▶ Records for the task
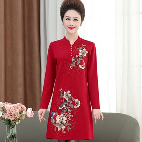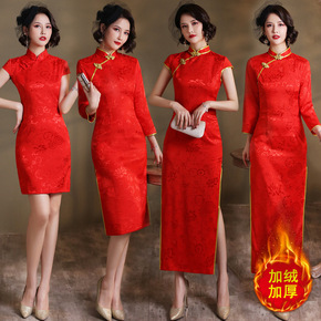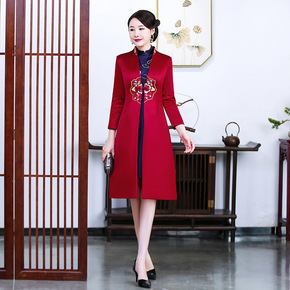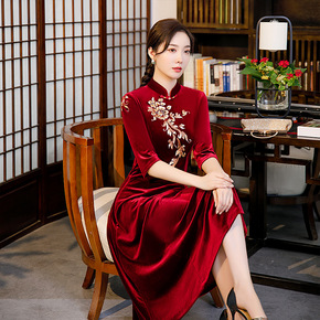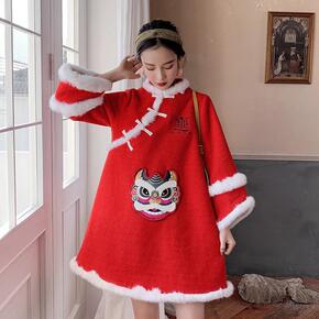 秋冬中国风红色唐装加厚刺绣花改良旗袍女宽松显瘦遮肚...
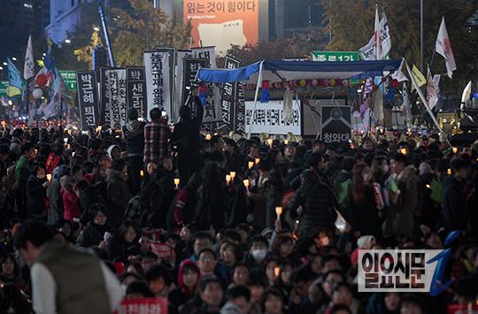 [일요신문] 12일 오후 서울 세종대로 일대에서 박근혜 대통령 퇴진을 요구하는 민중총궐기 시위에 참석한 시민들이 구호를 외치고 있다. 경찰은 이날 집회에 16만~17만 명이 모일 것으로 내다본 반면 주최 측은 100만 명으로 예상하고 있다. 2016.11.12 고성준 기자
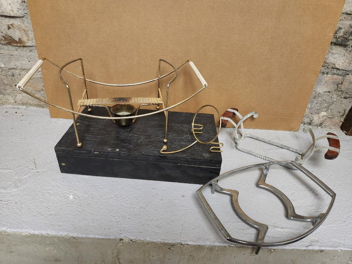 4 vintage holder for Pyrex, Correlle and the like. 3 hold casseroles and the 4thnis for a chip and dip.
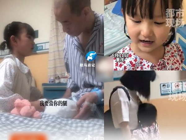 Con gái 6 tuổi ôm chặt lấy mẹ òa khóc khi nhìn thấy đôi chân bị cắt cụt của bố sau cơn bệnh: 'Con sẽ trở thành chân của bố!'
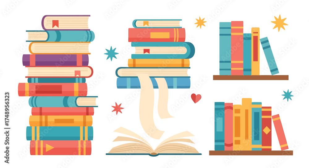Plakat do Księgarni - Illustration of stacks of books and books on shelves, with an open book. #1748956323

==

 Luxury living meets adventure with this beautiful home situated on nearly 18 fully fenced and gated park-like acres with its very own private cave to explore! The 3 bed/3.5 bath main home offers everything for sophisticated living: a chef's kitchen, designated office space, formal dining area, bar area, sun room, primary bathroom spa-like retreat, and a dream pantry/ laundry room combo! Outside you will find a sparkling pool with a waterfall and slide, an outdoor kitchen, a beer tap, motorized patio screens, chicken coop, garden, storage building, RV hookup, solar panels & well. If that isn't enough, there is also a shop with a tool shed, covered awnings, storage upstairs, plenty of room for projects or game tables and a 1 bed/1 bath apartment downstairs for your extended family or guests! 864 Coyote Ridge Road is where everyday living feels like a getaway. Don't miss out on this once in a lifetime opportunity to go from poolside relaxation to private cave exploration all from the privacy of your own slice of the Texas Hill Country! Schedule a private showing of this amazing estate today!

==

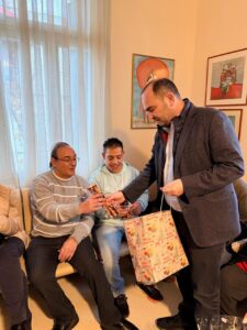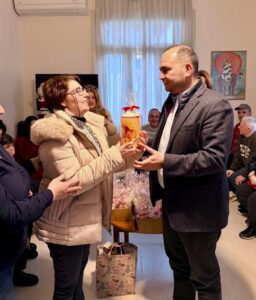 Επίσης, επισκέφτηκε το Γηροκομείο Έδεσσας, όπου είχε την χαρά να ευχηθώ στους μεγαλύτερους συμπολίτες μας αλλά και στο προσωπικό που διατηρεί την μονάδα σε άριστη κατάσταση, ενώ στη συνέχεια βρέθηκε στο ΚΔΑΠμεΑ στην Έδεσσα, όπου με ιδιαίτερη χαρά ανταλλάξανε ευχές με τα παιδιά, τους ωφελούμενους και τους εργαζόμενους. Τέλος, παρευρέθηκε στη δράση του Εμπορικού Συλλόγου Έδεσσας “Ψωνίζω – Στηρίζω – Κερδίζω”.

▶ How to complete this task
Precisely those lines above that run from the line with "秋冬中国风红色唐装加厚刺绣花改良旗袍女宽松显瘦遮肚..." up to and including the line with "Plakat do Księgarni" are to be set down, with the pictures omitted.

▶ Answer box
 秋冬中国风红色唐装加厚刺绣花改良旗袍女宽松显瘦遮肚...
 [일요신문] 12일 오후 서울 세종대로 일대에서 박근혜 대통령 퇴진을 요구하는 민중총궐기 시위에 참석한 시민들이 구호를 외치고 있다. 경찰은 이날 집회에 16만~17만 명이 모일 것으로 내다본 반면 주최 측은 100만 명으로 예상하고 있다. 2016.11.12 고성준 기자
 4 vintage holder for Pyrex, Correlle and the like. 3 hold casseroles and the 4thnis for a chip and dip.
 Con gái 6 tuổi ôm chặt lấy mẹ òa khóc khi nhìn thấy đôi chân bị cắt cụt của bố sau cơn bệnh: 'Con sẽ trở thành chân của bố!'
Plakat do Księgarni - Illustration of stacks of books and books on shelves, with an open book. #1748956323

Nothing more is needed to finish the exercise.